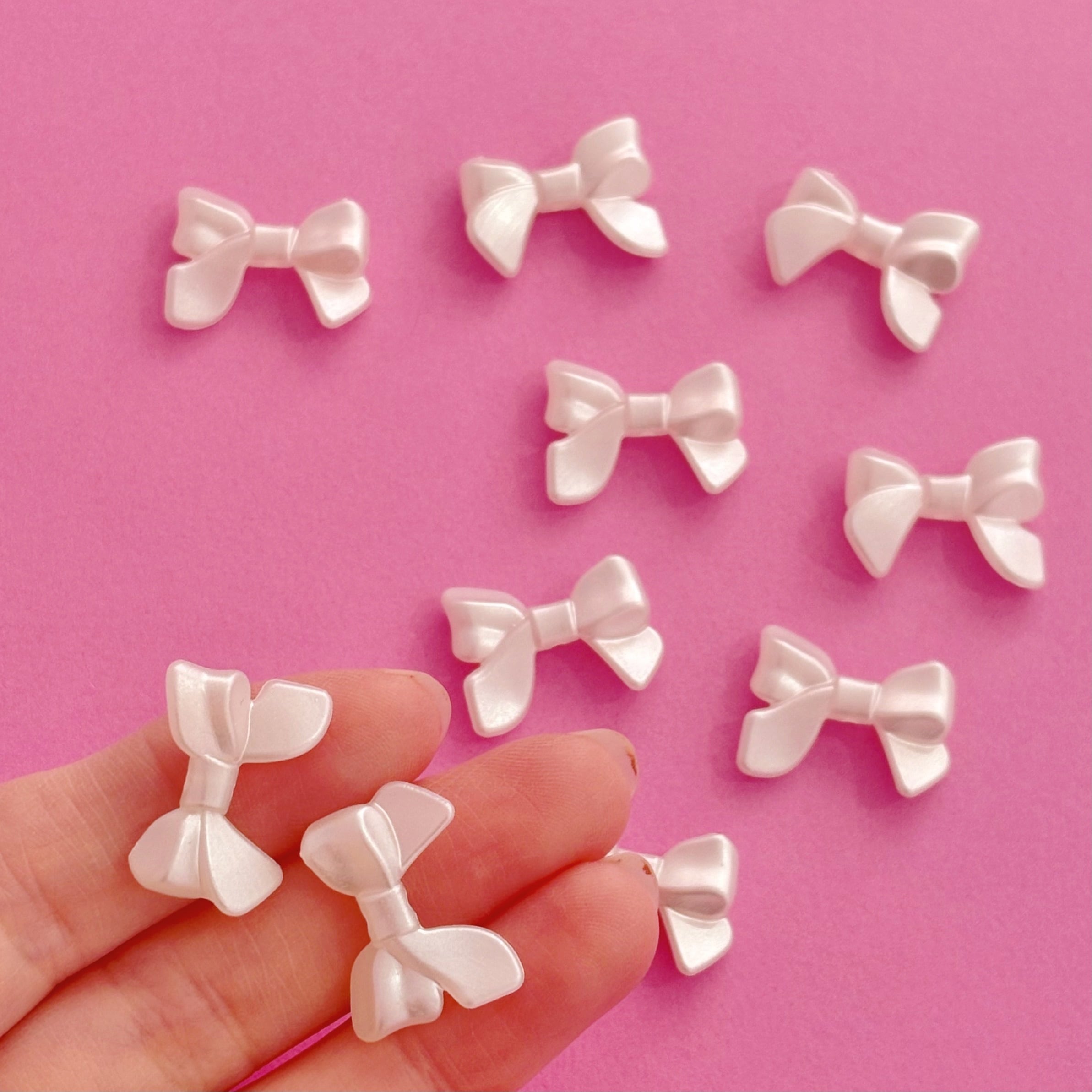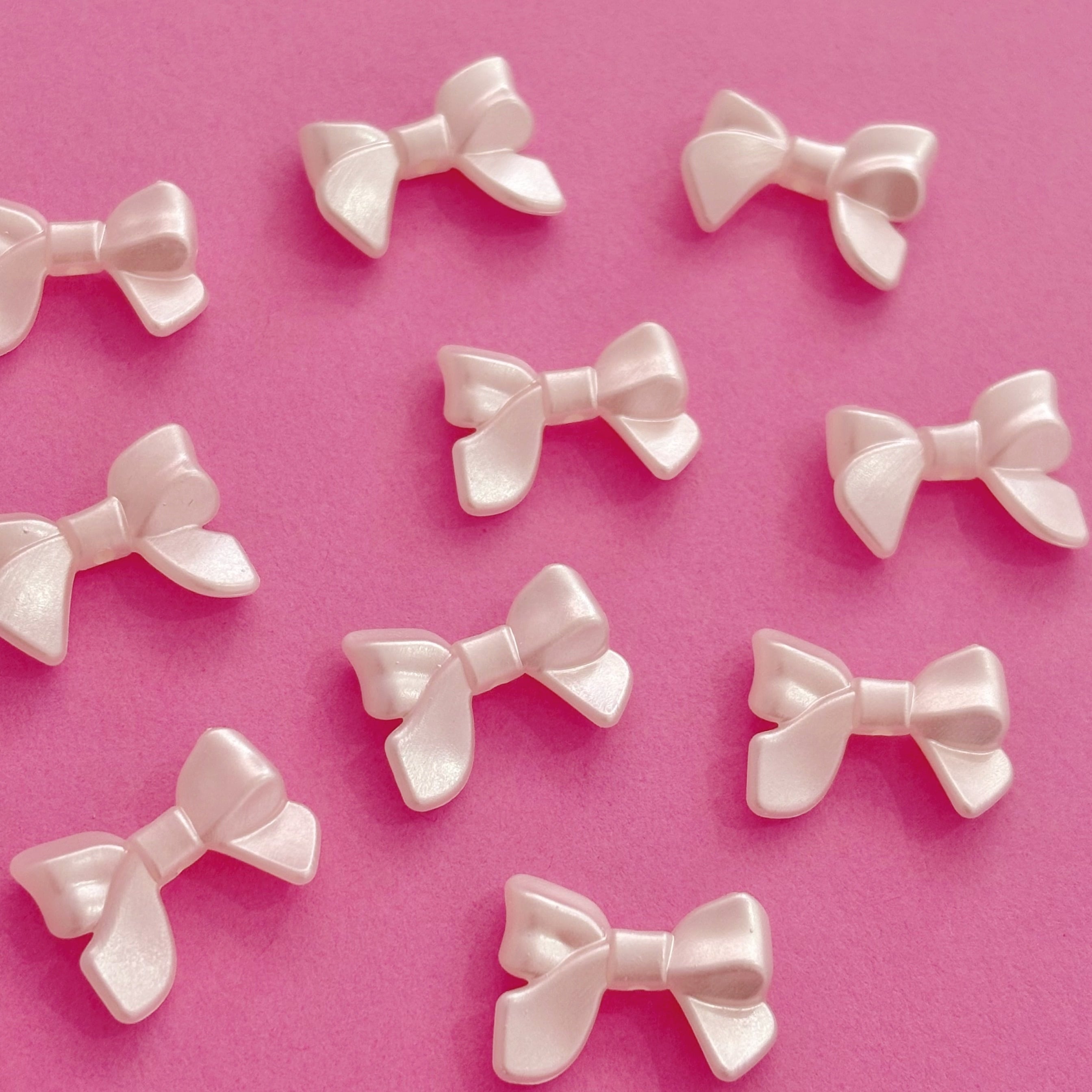 ミニサイズのパール調 リボン型 縦穴ビーズ 10個
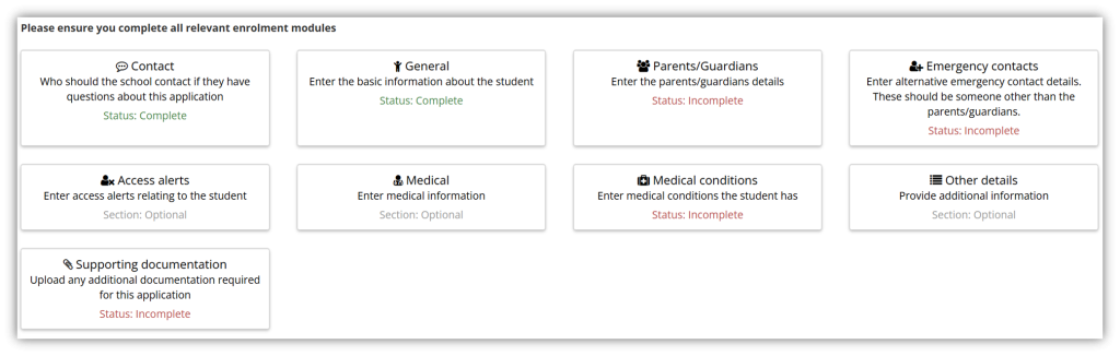 Each school can customise enrolment questions and document requirements to suit their needs.
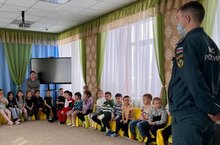 Бүген бакчабызның мәктәпкә әзерлек һәм зурлар төркеме балалары МЧС инспекторы Тайбактин Вильям Сергеевич белән очраштылар. Очрашу барышында инспектор балалар белән бик файдалы, мәгънәле әңгәмә үткәрде. Пожар булган очракта нәрсәләр эшләргә икәнлеген аңлатты, төрле очракларда үзеңне ничек тотарга икәнлеген сөйләде. Тормышта булган хәлләр белән таныштырды. Әңгәмә ахырында әти-әниләр танышсын өчен махсус брошюралар таратты.
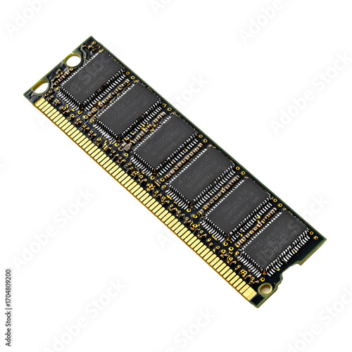 Dark rectangular computer RAM module with gold contacts
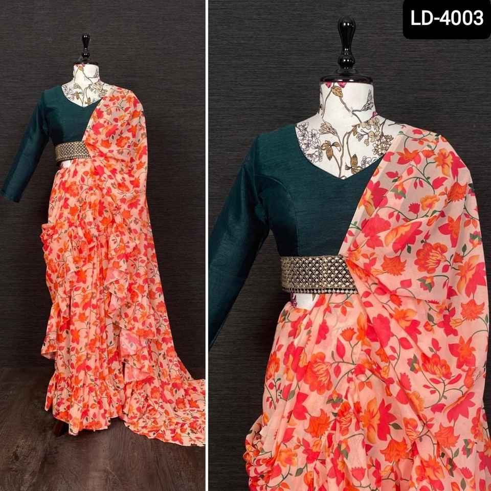 Saree à bordure en dentelle georgette imprimée numérique Nouveau design Vêtements de mariage indiens et pakistanais fantaisie avec détail à volants
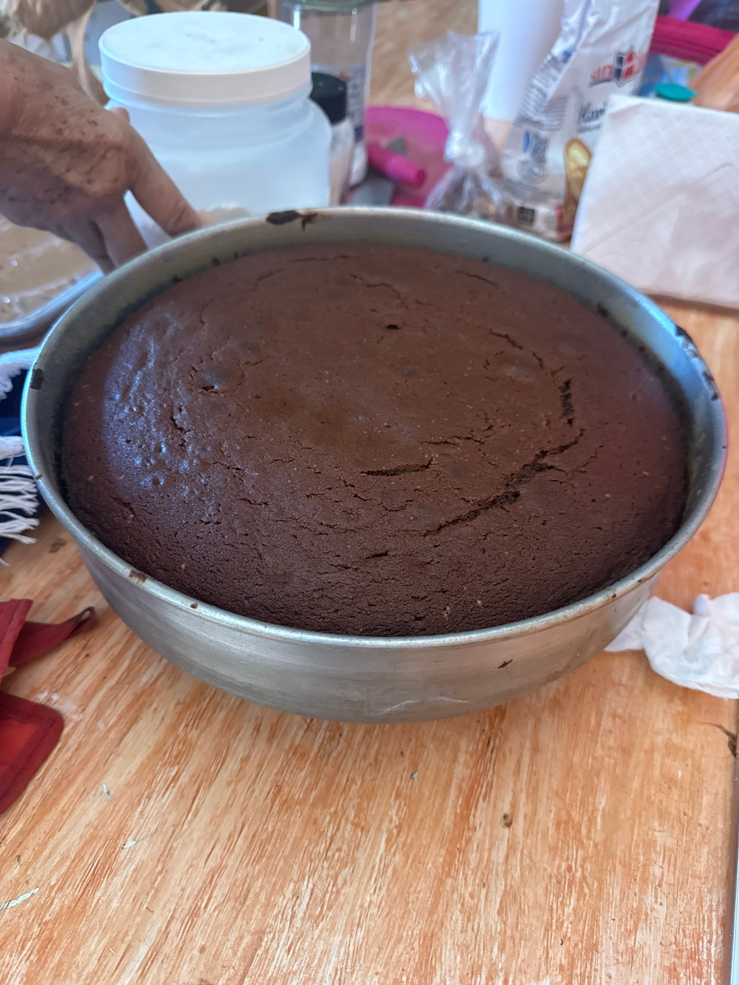 A freshly baked, round, dark chocolate cake is presented in a silver metal baking pan on a light brown wooden surface. The cake has a slightly cracked top. To the left, out of focus, are various unide…read more
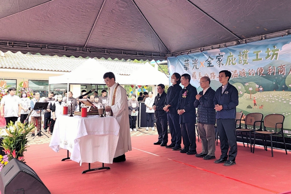 ▲由財團法人天主教華光社會福利基金會與全家便利商店合作設立的磊質庇護工坊(全家華光店)啟用儀式,先由華光社會福利基金會董事長徐森義帶領現場貴賓與同仁進行天主教祝福儀式。(圖/華光社會福利基金會提供)
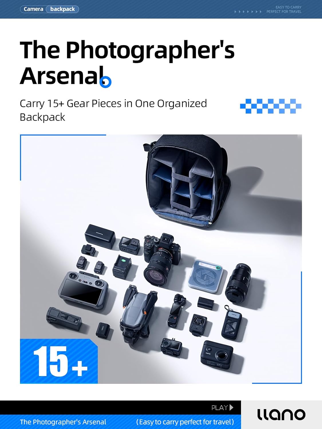 Ergonomic Carry System:3D breathable mesh straps + honeycomb again padding for even weight distribution. Ventilated again panel minimizes warmth buildup throughout lengthy shoots or hikes.
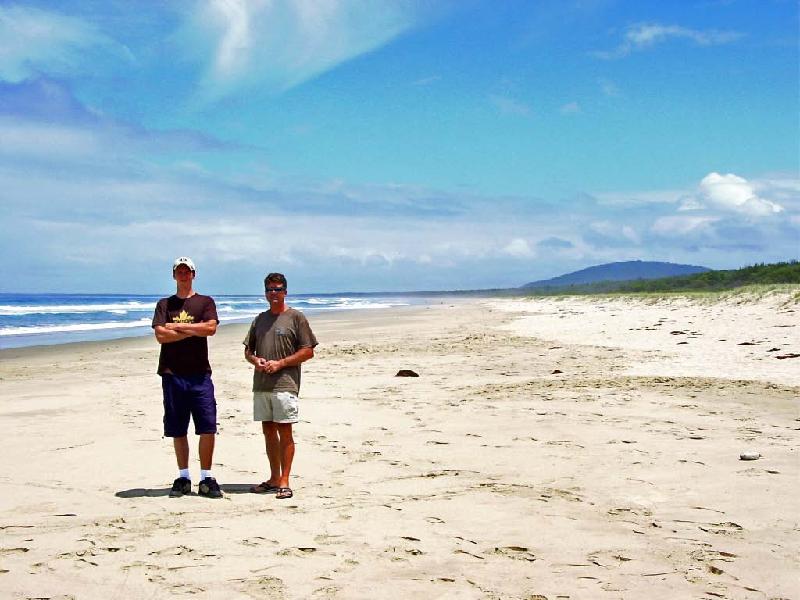 Further south a break in the cliffs gave way to heavy surf territory. The suburban areas were busy with surfers but between the towns, the long spans of beaches were deserted. Although it was no longer raining, it was still quite cool and breezy, so we did not linger to sunbathe or swim. | |
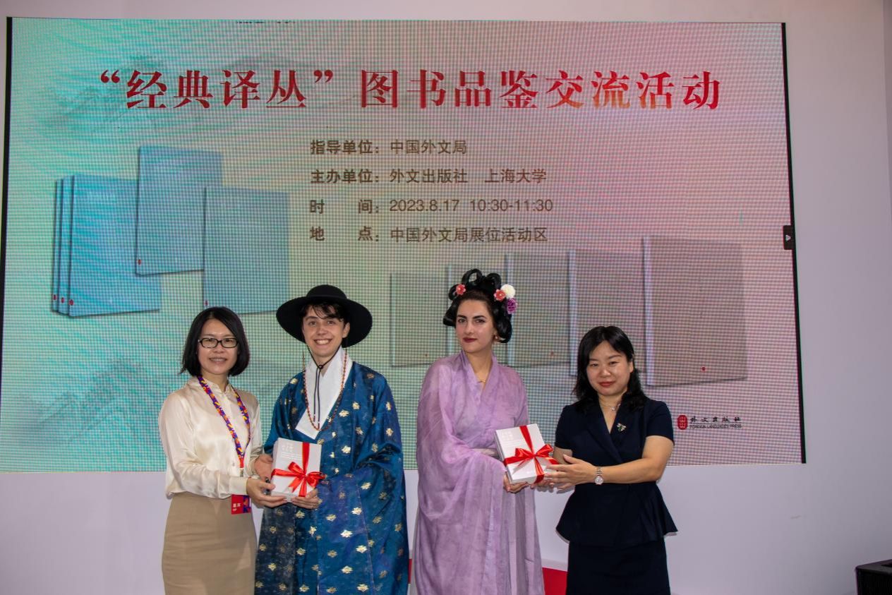 8月17日上午,由中国外文局指导,外文出版社和澳门正规电子游戏平台共同主办的“经典译丛”图书品鉴交流活动在上海书展成功举办。澳门正规电子游戏平台党委常委、副校长聂清,中国外文局计划财务部主任赵丽君,外文出版社副总编辑丁志涛,澳门正规电子游戏平台党委书记吴蔚,澳门正规电子游戏平台国际部党委副书记、国际教育学院副院长陈秀猛,澳门正规电子游戏平台教授、澳门正规电子游戏平台翻译研究出版中心主任、“经典译丛”译者赵彦春,华东师范大学终身教授潘文国,华东理工大学教授朱源泰等领导嘉宾及澳门正规电子游戏平台留学生、现场读者50余人参加活动。
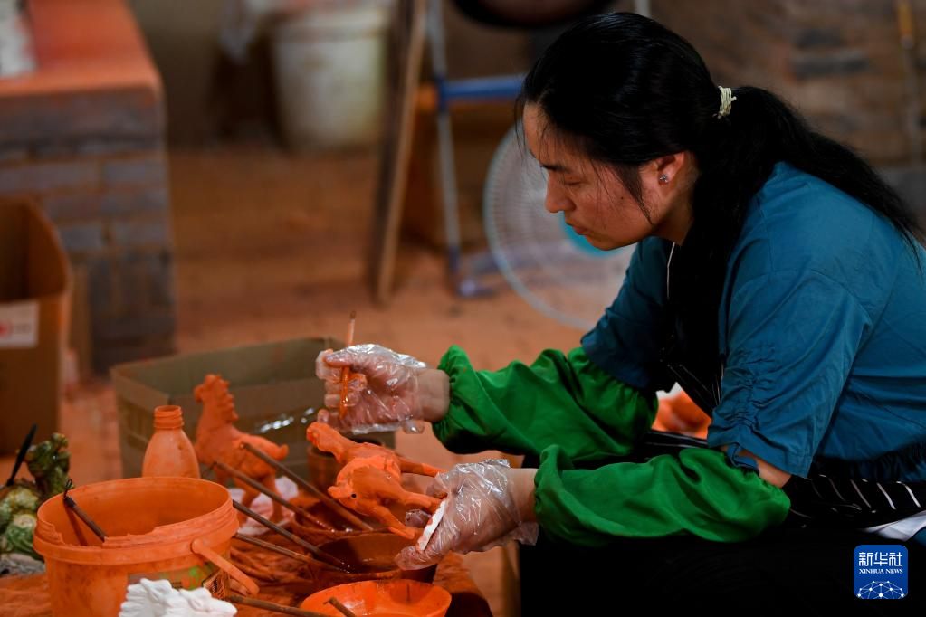 河南省洛陽市朝陽鎮南石山村以生產唐三彩而聞名。近年來,當地政府積極引導三彩產業數字化建設工作,推動唐三彩燒制技藝傳習館、唐三彩陶藝博物館、唐三彩文化研學所等優化升級。目前,南石山村唐三彩產業的專業燒制藝人有2000余人、文化企業68家,年產值達3.5億元。

- - - -

* **Task directions**
Reproduce exactly the part of the records above that begins at the line holding "8月17日上午,由中国外文局" and ends at the final line, both included, leaving out the pictures.

* **Task result**
 8月17日上午,由中国外文局指导,外文出版社和澳门正规电子游戏平台共同主办的“经典译丛”图书品鉴交流活动在上海书展成功举办。澳门正规电子游戏平台党委常委、副校长聂清,中国外文局计划财务部主任赵丽君,外文出版社副总编辑丁志涛,澳门正规电子游戏平台党委书记吴蔚,澳门正规电子游戏平台国际部党委副书记、国际教育学院副院长陈秀猛,澳门正规电子游戏平台教授、澳门正规电子游戏平台翻译研究出版中心主任、“经典译丛”译者赵彦春,华东师范大学终身教授潘文国,华东理工大学教授朱源泰等领导嘉宾及澳门正规电子游戏平台留学生、现场读者50余人参加活动。
 河南省洛陽市朝陽鎮南石山村以生產唐三彩而聞名。近年來,當地政府積極引導三彩產業數字化建設工作,推動唐三彩燒制技藝傳習館、唐三彩陶藝博物館、唐三彩文化研學所等優化升級。目前,南石山村唐三彩產業的專業燒制藝人有2000余人、文化企業68家,年產值達3.5億元。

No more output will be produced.